27. November 2020

Masern-Mumps-Röteln-Impfung könnte vor schweren Covid-19-Verläufen schützen

Nach Untersuchen von Mikrobiologen aus den USA hat die Masern-Mumps-Röteln (MMR) – Impfung möglicherweise das Potenzial, den Verlauf von Covid-19 abzumildern. Dies würde auch erklären, warum die überwiegend MMR – geimpften Kinder und Jugendlichen eine deutlich geringere Erkrankungs- und Todesrate aufweisen.

Lesedauer: 1 Minute

Korrelation zwischen Titer und Krankheitsverlauf

Die Wissenschaftler konnten zeigen, dass bei unter 42-Jährigen nach einer zweimaligen MMR-Impfung (MMR II-Impfstoff von Merck) eine Korrelation zwischen der Höhe von IgG-Titern gegen Mumps mit günstigeren Covid-19-Verläufen besteht. Nachgewiesen wurde dies bei 50 in den USA geborenen Probanden, die eine zweimalige MMR-Impfung erhalten hatten.

In der Kontrollgruppe von 30 Ungeimpften, die Antikörpertiter aufgrund einer durchgemachten Erkrankung hatten, ließ sich solch eine Zusammenhang nicht nachweisen. Die Antikörpertiter gegen Masern und Röteln zeigten in beiden Gruppen keine Korrelation mit dem Covid-19-Verlauf.  

Mumpstiter wohl entscheidend

In der MMR II-Gruppe waren alle SARS-CoV-2-infizierten Probanden mit Mumpstitern von 134 bis 300 AU/ml asymptomatisch – alle Patienten mit leichten Covid-19-Symptomen hatten Titer unter 134 AU/ml. Diejenigen mit mittelschweren Symptomen wiesen Mumpstiter < 75 AU/ml auf und hospitalisierte Patienten mit Sauerstoffbedarf Titer unter 34 AU/ml.

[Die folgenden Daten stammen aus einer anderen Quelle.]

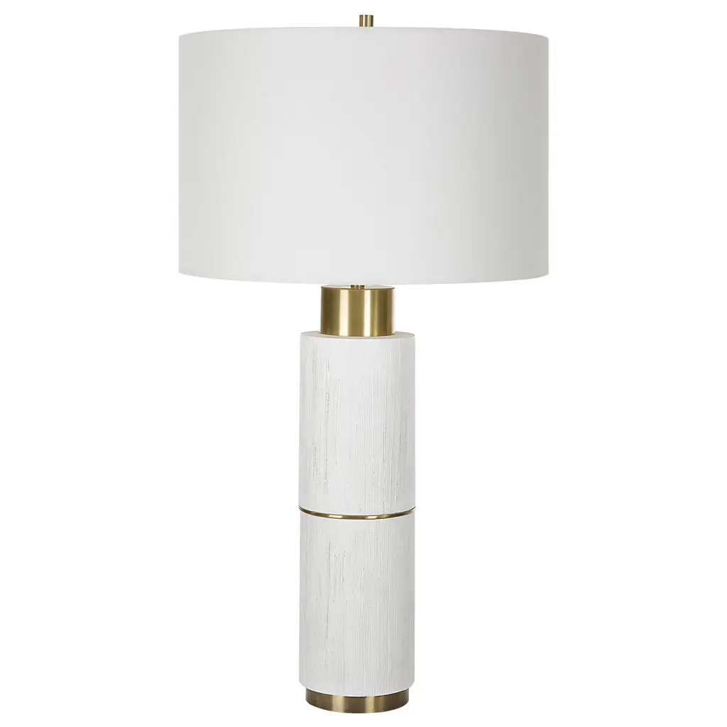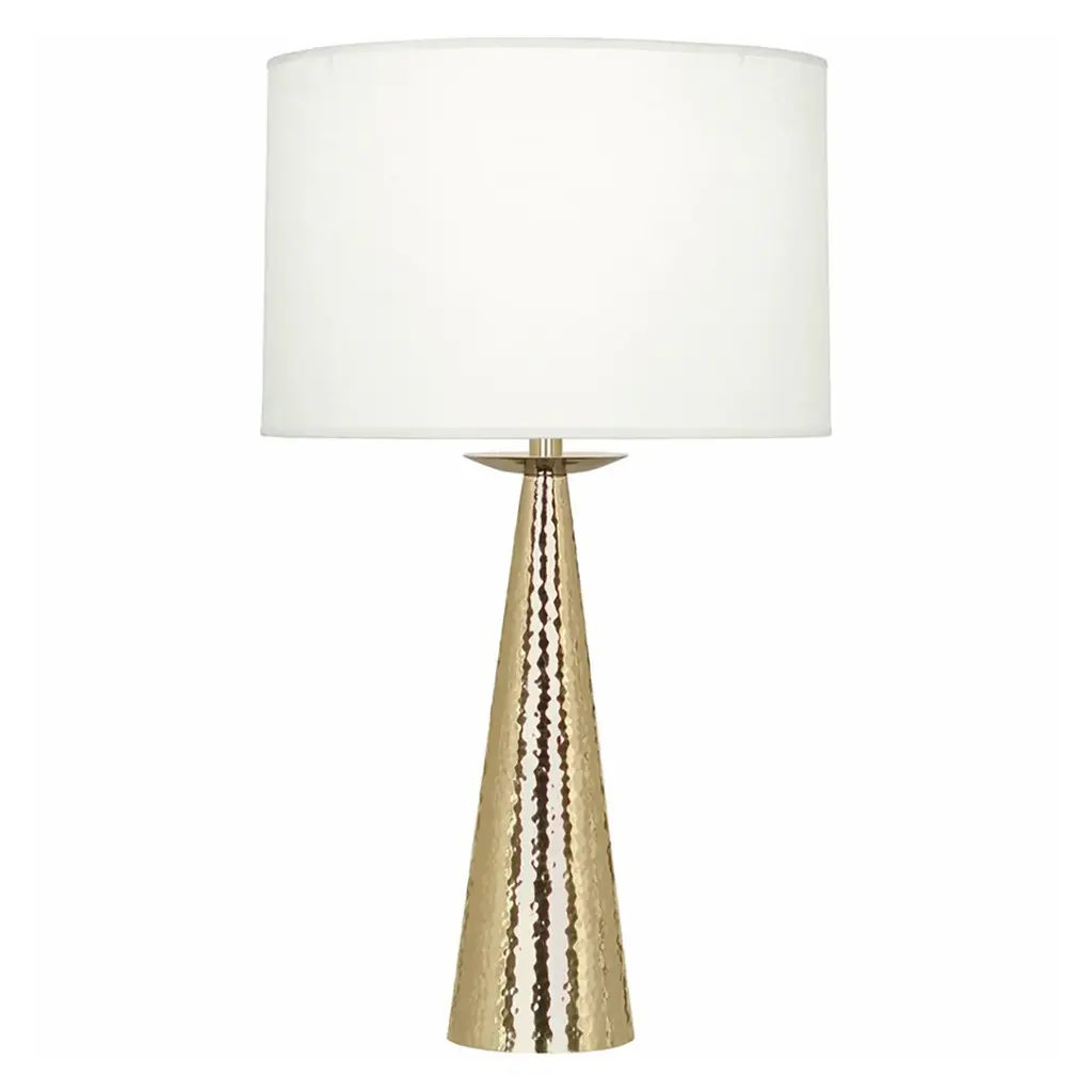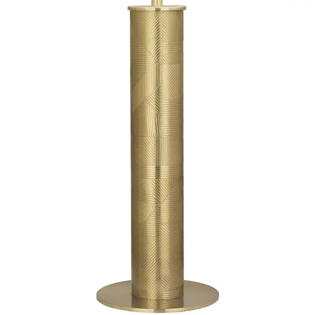 Bring a touch of elegance to your home with the Michael Berman Brut Table Lamp from Robert Abbey. A sleek example of the inherent allure in modern lighting design, this piece elevates the décor of the space with a simple, yet expressive silhouette. The cylindrical metal body contains subtle and intricate etchings that add to the appeal while the ascot white fabric shade beautifully contrasts as it rests on top. The bulb within the shade sends out a bright and welcoming layer of light, perfect for tableside while watching TV or other activities.
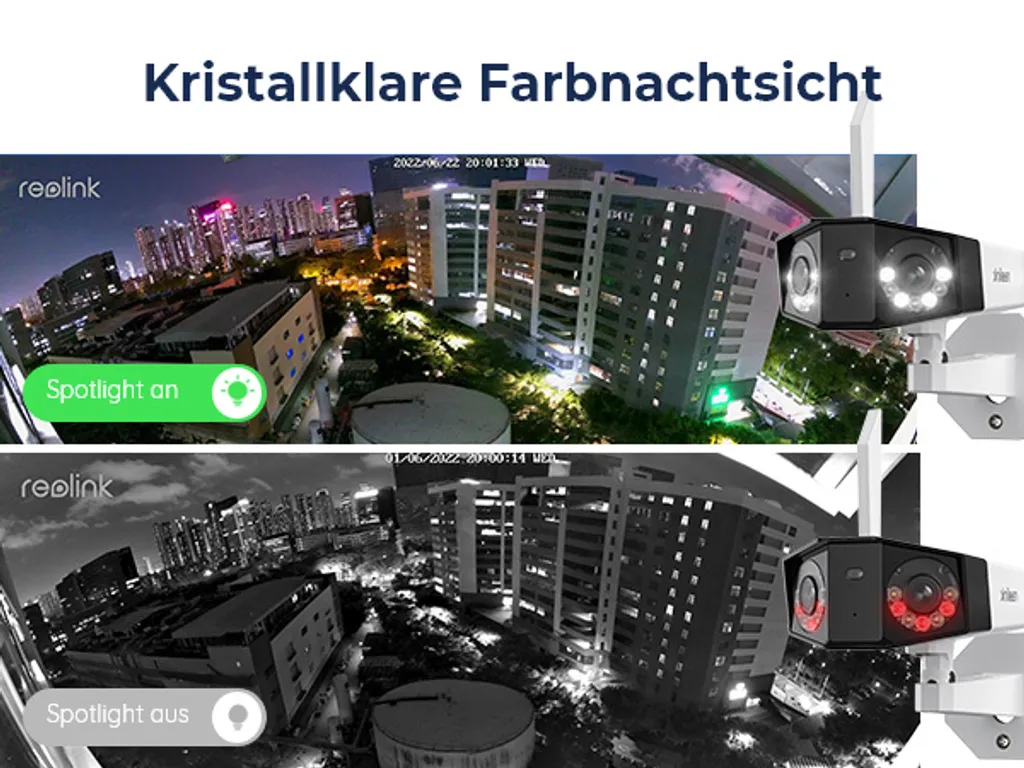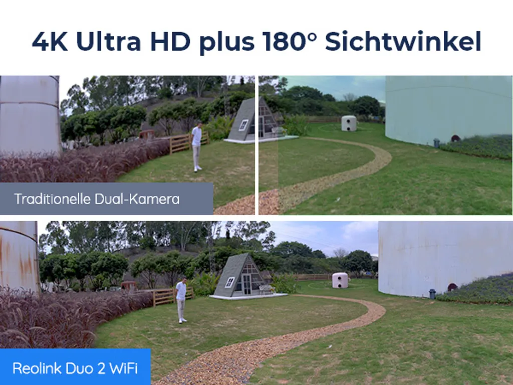 Reolink 4K Dual-Lens WLAN Überwachungskamera Aussen, 180° Ultra-Weitwinkel, Person-/Fahrzeug-/Haustier-Erkennung, 2,4/5 GHz WiFi, Farbnachtsicht, 2-Wege-Audio, Duo 2 WiFi
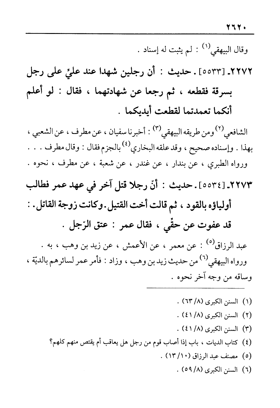2272 - [5533]- حديث: أن رجلين شهدا عند عليٍّ على رجل بسرقة فقطعه، ثم رجعا عن شهادتهما، فقال: لو أعلم أنكما تعمدتما لقطعت أيديكما.
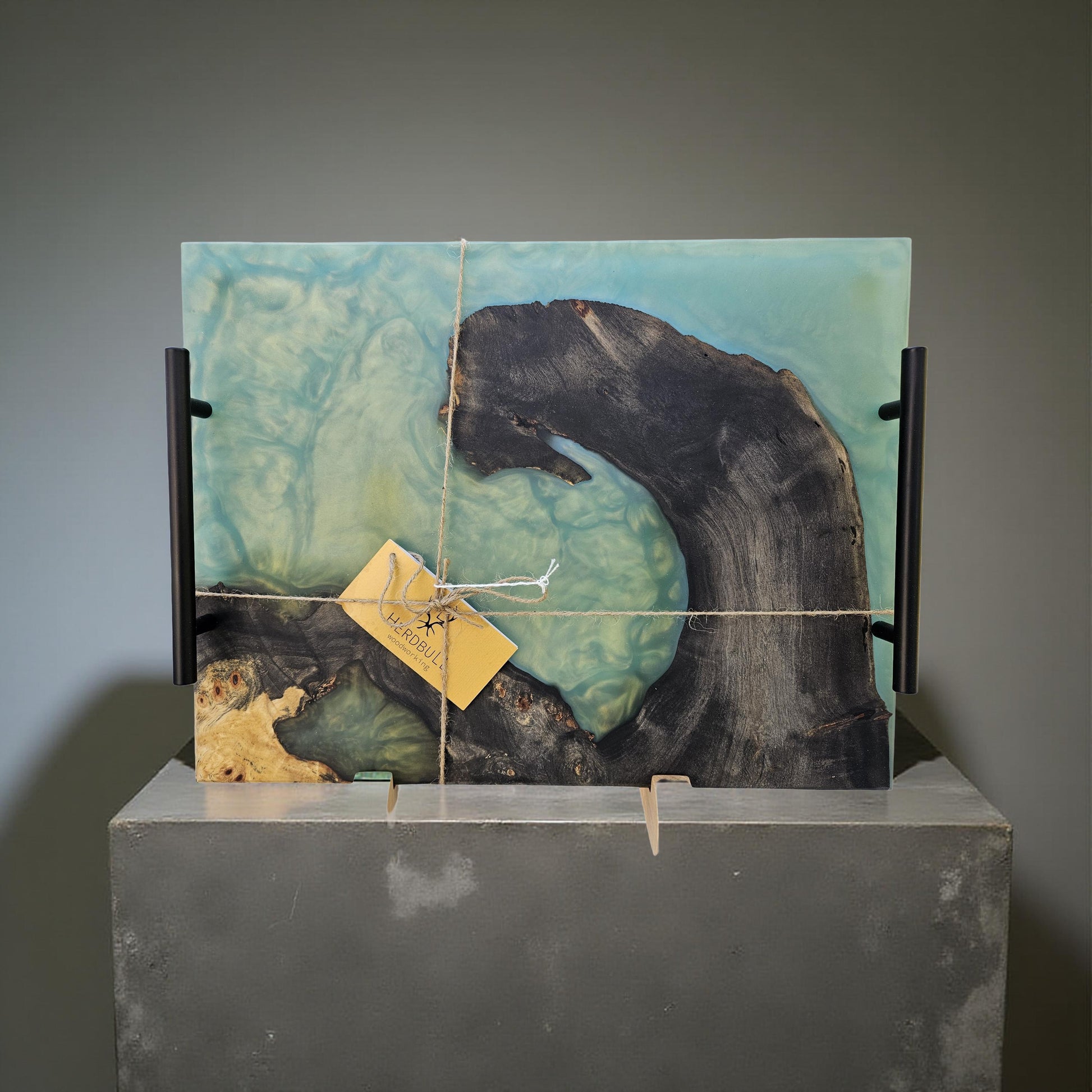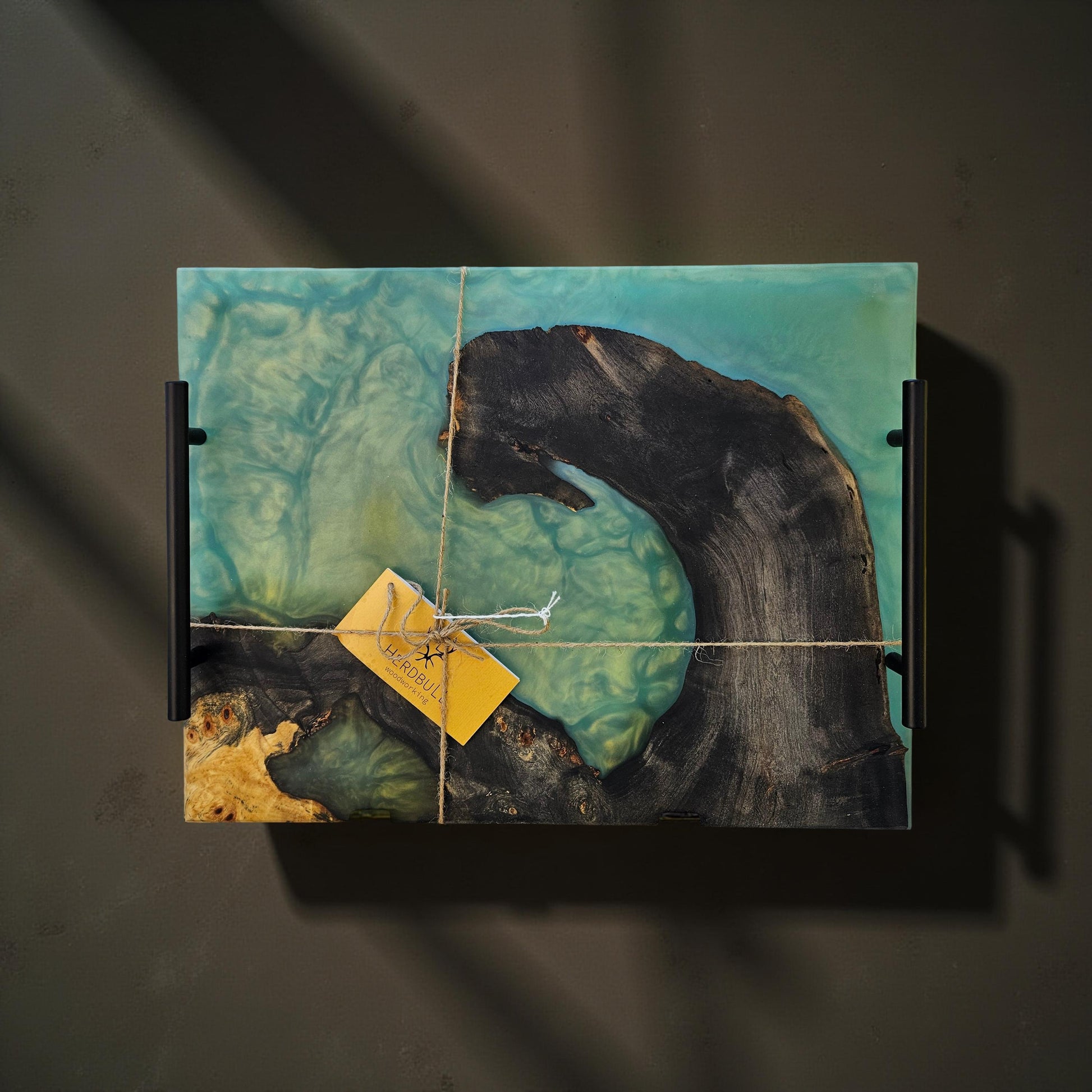Crafted from Buckeye Burl, this serving tray features a blue-green epoxy inlay paired with sturdy rubber feet and elegant black handles, making it an excellent choice for sophisticated dinner gatherings.

Wenn sich dieser Zusammenhang in weiteren Untersuchungen bestätigt, könnte es sinnvoll sein, auch über 40-jährigen Ungeimpften MMR-Impfungen zu verabreichen – unabhängig davon, ob sie bereits Antikörpertiter gegen Masern, Mumps oder Röteln haben. Die höchsten Antikörpertiter lassen sich durch zwei Impfungen im Abstand von mindestens 28 Tagen erreichen.